Wednesday, 31 August 2011

Unions, industry, say they left PM meeting believing she'd consider manufacturing inquiry

Julia Gillard
Julia Gillard meets union and industry heavyweights in Canberra
over the crisis in manufacturing. Picture: Ray Strange Source: The Australian

Unions and industry figures are shocked at Julia Gillard's rejection of a manufacturing inquiry, saying the Prime Minister gave the impression during crisis talks yesterday that she would consider the proposal.

Australian Workers Union secretary Paul Howes, Australian Manufacturing Workers Union secretary Dave Oliver, and Australian Industry Group chief executive Heather Ridout all left yesterday's talks with the Prime Minister believing she would consider the inquiry.

But within hours, Industry Minister Kim Carr had declared the idea a non-starter.

Government insiders also said Ms Gillard had during the meeting rejected calls for a “short, sharp” inquiry into the sector.

And today the Prime Minister denied indicating she would consider an inquiry, saying: “People can get different impressions from a conversation, that's human, that's natural.”

Ms Gillard was speaking after meeting steel workers facing redundancy at Port Kembla in NSW.

Australian Manufacturing Workers Union national secretary Dave Oliver told The Australian Online after the meeting yesterday he was in no doubt Ms Gillard was considering the proposal.“We raised the idea of an inquiry,” Mr Oliver said at the time. “She's going to talk to her colleagues and come back to us.”

Mr Oliver said yesterday he was satisfied with the good hearing the delegation had been given. But while the union and industry figures left Canberra believing an inquiry was possible, Mr Carr's office soon ruled it out.

“We don't believe an inquiry is the right approach to ensuring the continuing prosperity to Australian manufacturing,” he told The Australian Online at about 3pm yesterday.“The approach is to look at the policy framework and examine ways in which it can be reviewed.”The Prime Minister said today she did not want to wait for an inquiry before acting on the issue.

“It's possible for people to take some different takes out of a conversation. My focus is on what we need to do,” she said in Port Kembla. “My focus is on action - I don't want to be held back from acting by an inquiry which would inevitably take some time. That doesn't mean we won't take the best of expert advice along the way.”

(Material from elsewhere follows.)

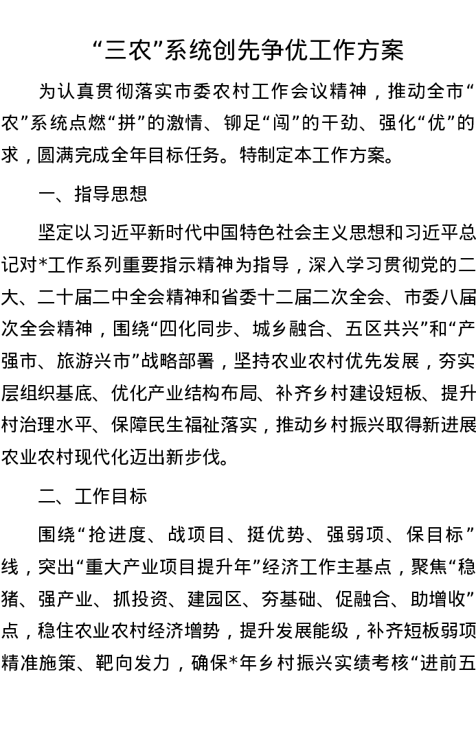 “三农”系统创先争优工作方案

Pressed on the reactions to yesterday's meeting, she said: “What I said yesterday was that I wasn't looking at a free-ranging, free-wheeling inquiry into manufacturing, that my focus was on the actions that we needed to take.” BlueScope Steel at Port Kembla has announced 1400 job losses over the past fortnight, blaming the effects of the high Australian dollar for its decision to close export operations.

Labor Left convenor Doug Cameron said he was also surprised and annoyed at the move, describing it as “dumb” and “economically irresponsible”. “I just think it's premature to be saying there should be no inquiry,” he said. “It's economically irresponsible not to take a close look at the manufacturing industry.”

Opposition Leader Tony Abbott said he could not understand why the government did not want to hear the facts about manufacturing. Mr Abbott said he had commissioned an industry policy review. “It's very important that we listen to the concerns of the struggling industries of this country,” he said.

“It's very important that government policies are informed by the facts and I can't understand why the Prime Minister doesn't want to listen.